Wednesday, January 17, 2007

Favorite Proverbs Explained


"Cleanliness is next to Godliness."
Explanation: If you can't be a pious sort, at least wash that frock once in a while.


"Discretion is the better part of valor."
Explanation: the other part involves a knowledge of explosives and, in all probability, flame-retardant pants - you choose.


"Charity begins at home."
Explanation: First treat yourself to a nice piece of fish; then, go ahead and donate that car in the garage to the blind but maybe make sure they only drive it slowly.


"Don't go near the water until you learn how to swim."
Explanation: but even after you've learned there are plenty of strokes that are equally useful on dry land.


"Barking dogs seldom bite."
Explanation: go ahead and take that soup bone back, Rex won't mind.


"Better to be alone than in bad company."
Explanation: they were an altogether shitty band, your solo career can only improve.


"Don't wash your dirty linen in public."
Explanation: self-explanatory


"Every man has his price."
Explanation: maybe, but you're a real bargain only wanting that last bit of corned beef.


"Fear of death is worse than death itself."
Explanation: If you're that upset about it, the Powers that be will probably let you keep that sectional sofa or promise to get you another one just like it.


"He that is master of himself will soon be master of others."
Explanation: you too can end your almost chemical reliance on toothpaste if you just follow my simple instructions.


"He that knows nothing, doubts nothing."
Explanation: If you knew anything you wouldn't have trusted Dr. Mojak’s promise to refrain from fondling your breasts while you were sedated.
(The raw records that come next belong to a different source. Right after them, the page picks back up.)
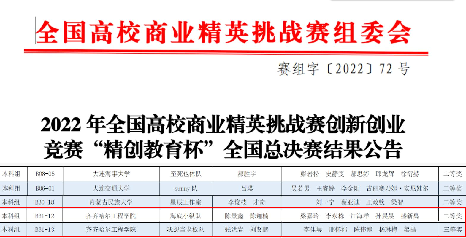 10月26日,全国高校商业精英挑战赛全国决赛成绩公布,我校管理工程系电子商务专业代表队喜获二等奖一项、三等奖一项的佳绩;同时,区域赛(省级赛)也有二等奖两项,三等奖四项的成果。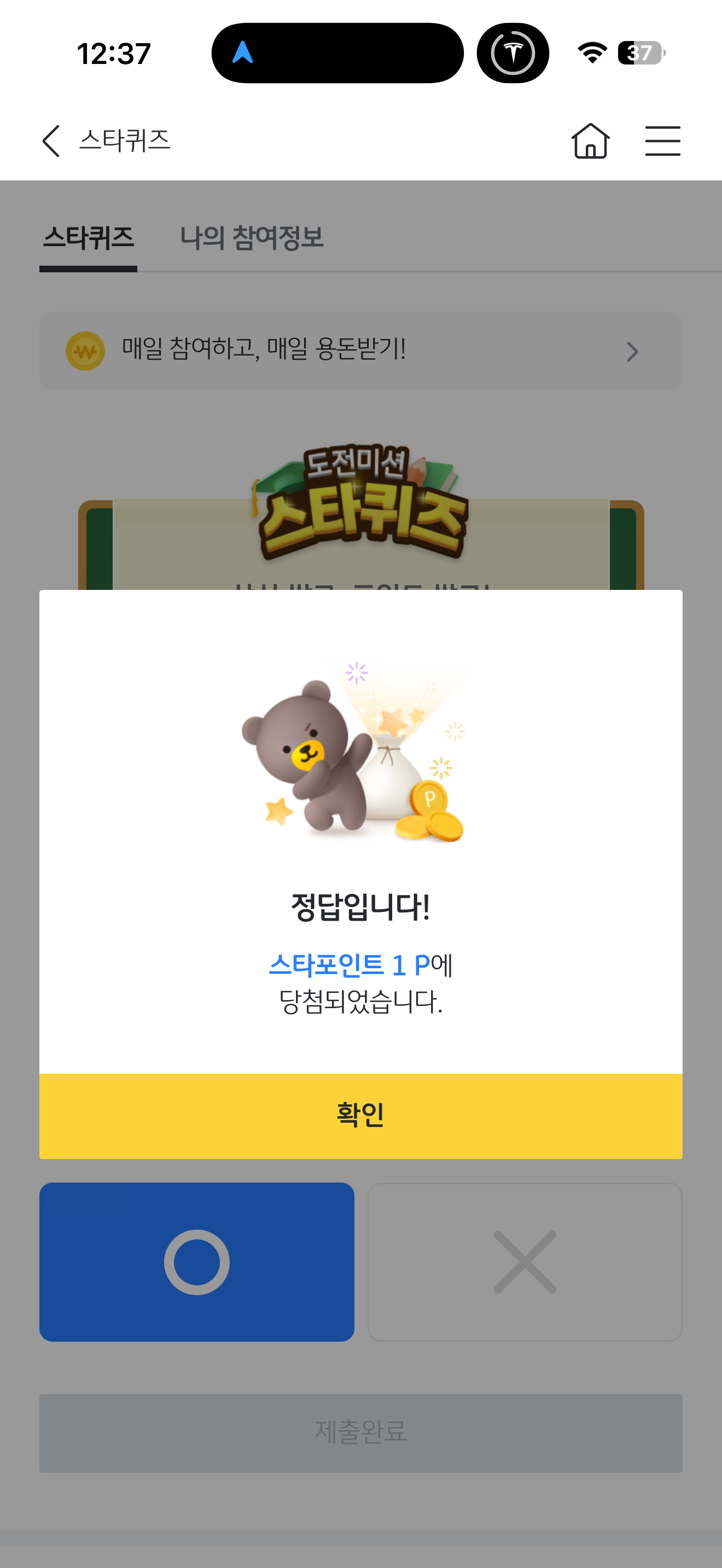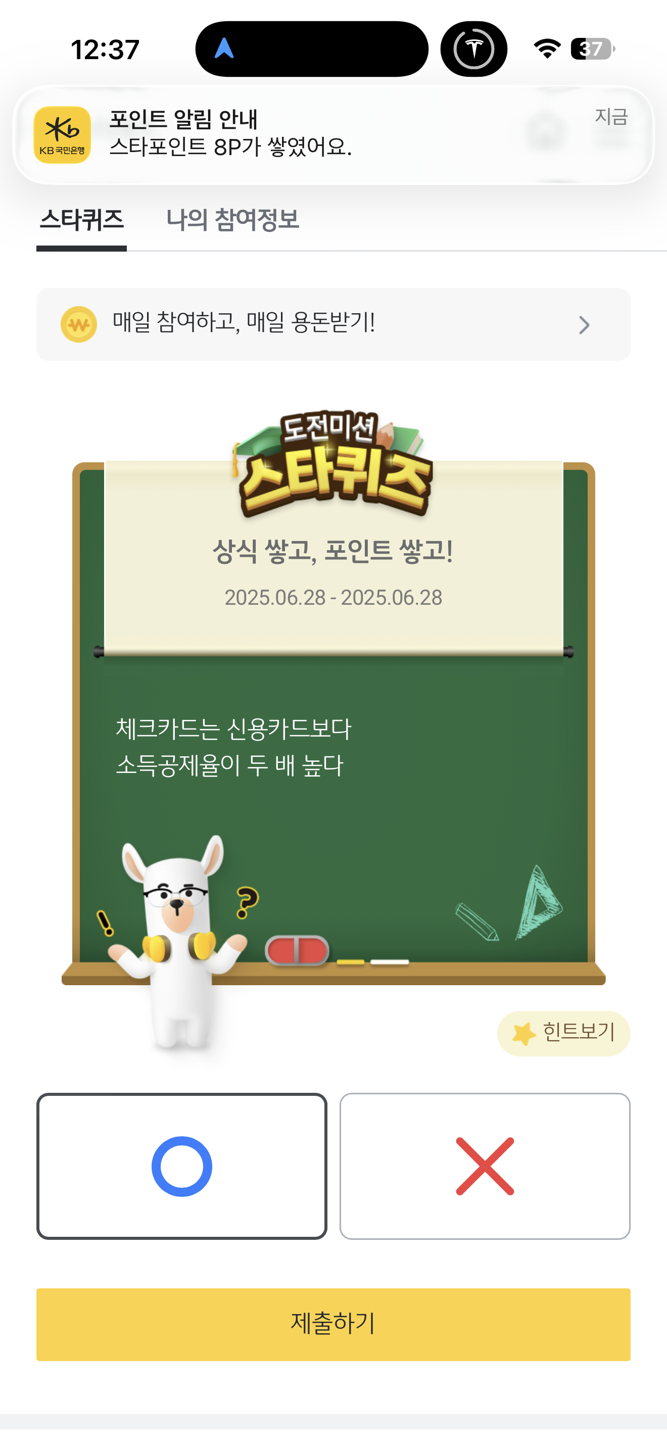 KB스타뱅킹 스타퀴즈 정답은 O 입니다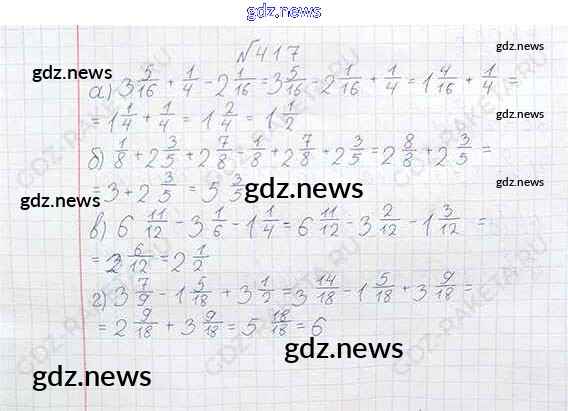 Как эффективно готовиться к домашним заданиям по Математике за 6 класс: лучшие стратегии и советы на gdz.news. Здесь подготовлен Учебник Виленкин, Жохов, Чесноков, Шварцбурд - §2. Сложение и вычитание дробей с разными знаменателями 417 и готовые ответы к ним. Сверяй домашку и получай отличные оценки!
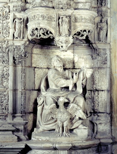 Moïse ; Samuel ; Nathan ; David ; Isaïe ; Jérémie ; Ezéchiel ; Daniel (partie supérieure). Saint Matthieu, saint Marc, saint Jean et saint Luc (niches). Apôtres (dais). Vierge, Foi, Espérance, Charité, Prudence, Justice, Force, Tempérance (couronnement dais). Saint Grégoire, saint Jérôme, saint Ambroise, saint Augustin (architrave). Personnages non identifiés (architrave).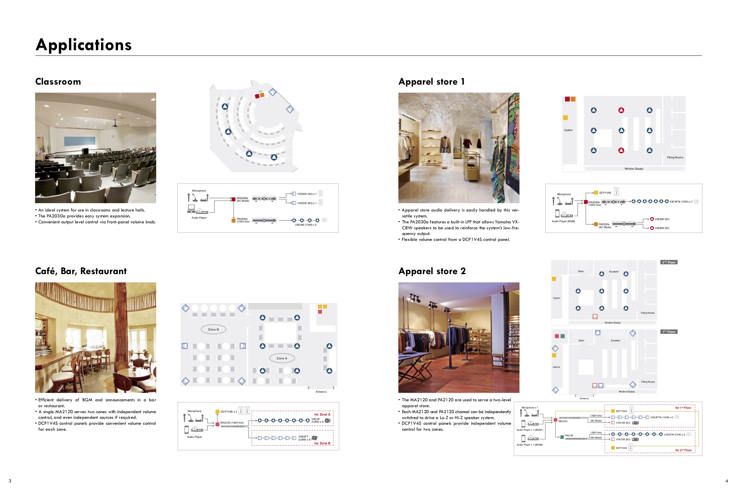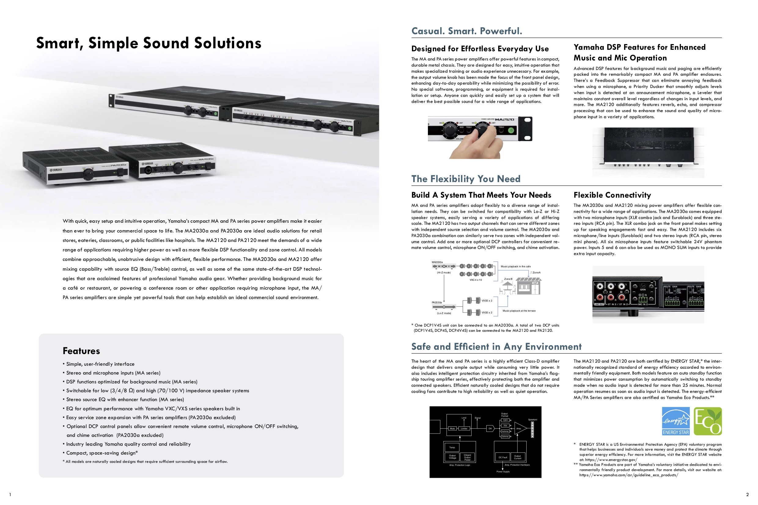 Модели MA2030a и PA2030a идеально подходят для использования в небольших помещениях. MA2030 обеспечивает простоту управления, DSP обработку Yamaha и возможности микширования, достаточные для использования в небольших инсталляциях без необходимости в дополнительном оборудовании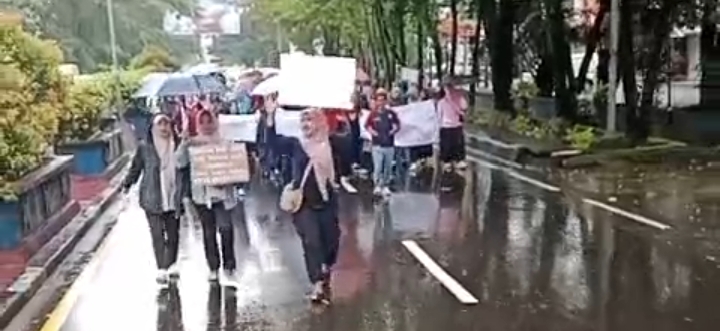 “Perjuangan kami bukan untuk membandingkan dengan siapa pun. Kami bekerja nyata setiap hari mendidik anak-anak. Hari ini kita kehujanan, tapi ini saksi perjuangan kami,” ujarnya.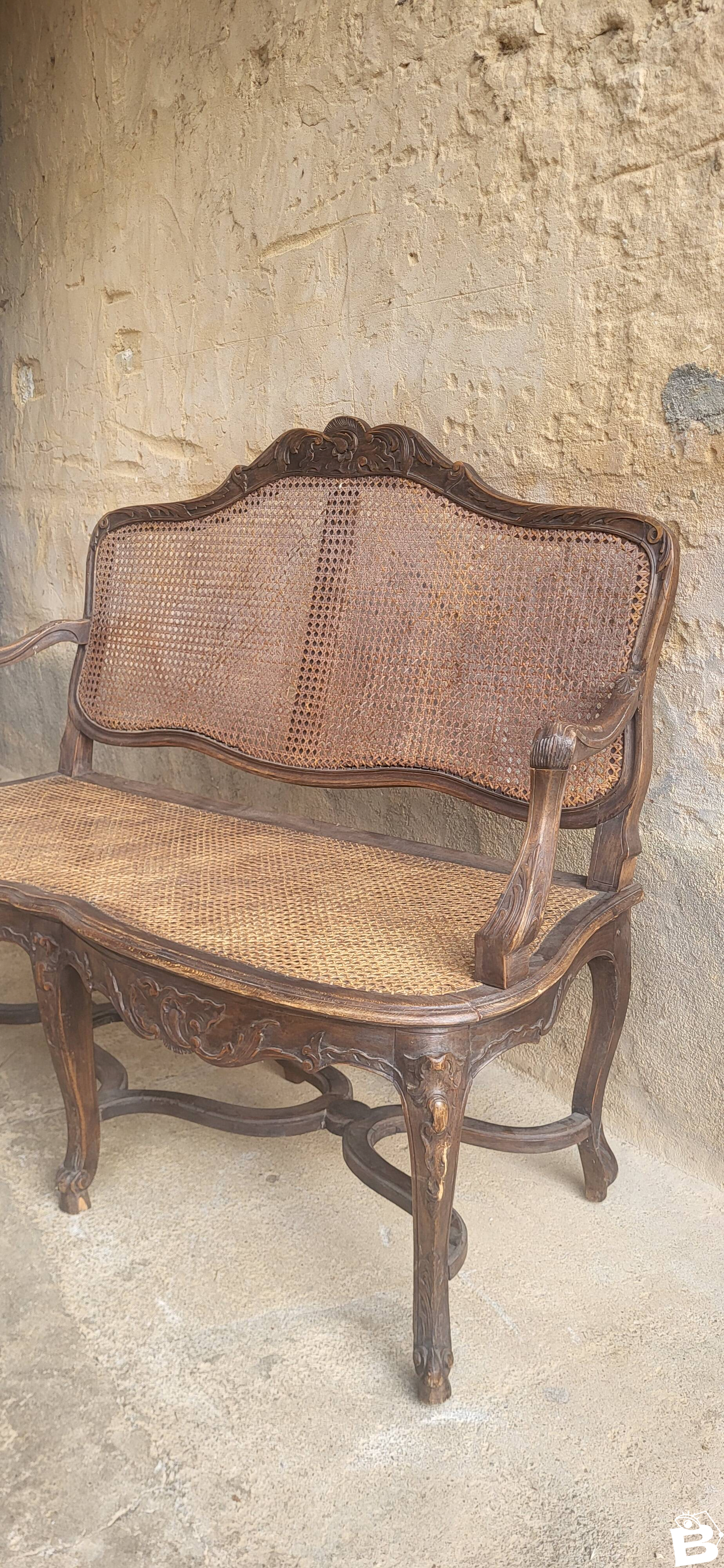 Louis XV cane seat bench, 19th century Classic Brown Wood

"He who hesitates is lost."
Explanation: what the hell are you waiting for these yams won't peel themselves.


"Ignorance of the law excuses no man."
Explanation: Yes, it is against the law. No, you weren't 'saving' the chickens by stealing that bucket of extra tasty crispy from KFC.


"Let the dead bury the dead."
Explanation: Just enjoy your enchiladas.


"Lightning never strikes the same place twice."
Explanation: You're not getting off that roof until the shingling is done.


"Live and let live."
Explanation: There's no such thing as a Lord of the Soup; Lou has got the same right to enjoy his navy bean as you do.


”We’re known by the company we keep.”
Explanation: when I’m with you I’m known as a guy that constantly points out all of the passing things over which he’d prefer to have a turkey.